Items from a data source
□ □ □ □ □

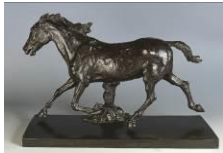
Jean-Louis Ernest Meissonnier (1815-1891), Cheval au trot , 1860 (après), bronze à patine brune
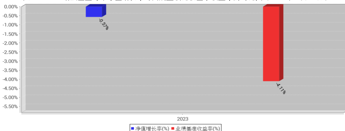
中证1000ETF增强基金每年净值增长率与同期业绩比较基准收益率的对比图（2023年12月31日）

注：1、本基金基金合同于 2023 年 8 月 31 日生效。合同生效当年不满完整自然年度的，按实际期限计算净值增长率。
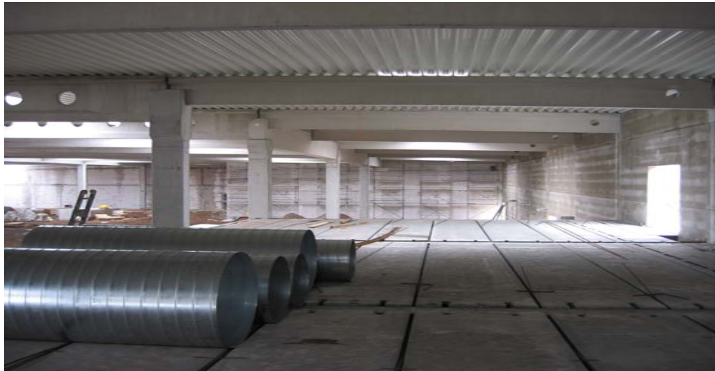
Blick von der Zwischenebene
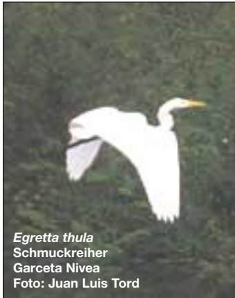
Egretta thula Schmuckreiher Garceta Nivea

Etwa 80 km fahren wir auf diesem riesigen Strom flussabwärts bis zum Explorama Lodge, wo wir die Beobachtung von Vögeln im Regenwald beginnen. In der Umgebung wurden über 400 verschiedene Vögel registriert (eine Aufstellung ist am Ende dieses Artikels zu finden). So sind z.B. der Schwarzstirnrappist , der Drosselzaunkönig , die Sonnenralle , blaue , gelbe und rote Papageyen hier zu finden. Auf dem Pfad zum See können der Mangroven-
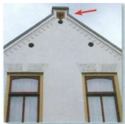
Stadboerderij Geervliet met wapen Herweijer.
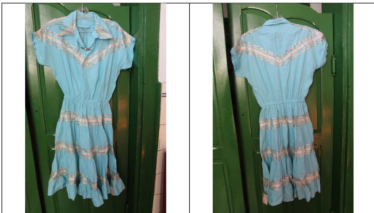
Imagem 01: Frente do vestido de Rosária Narciso. Fotografia de Jaíne Diniz Corrêa, maio/2022.
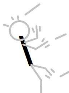
Bumbling backslash falls backwards

table de 7 7 14 21 table de 8 8 16 24 table de 9 9 18 27

□ □ □ □ □

EXERCISE PROMPT:
Copy the lines from the line that contains "Imagem 01: Frente" through the end of the records, exactly and with nothing added; leave the pictures out.

RESPONSE TO THIS EXERCISE:
Imagem 01: Frente do vestido de Rosária Narciso. Fotografia de Jaíne Diniz Corrêa, maio/2022.
Bumbling backslash falls backwards

table de 7 7 14 21 table de 8 8 16 24 table de 9 9 18 27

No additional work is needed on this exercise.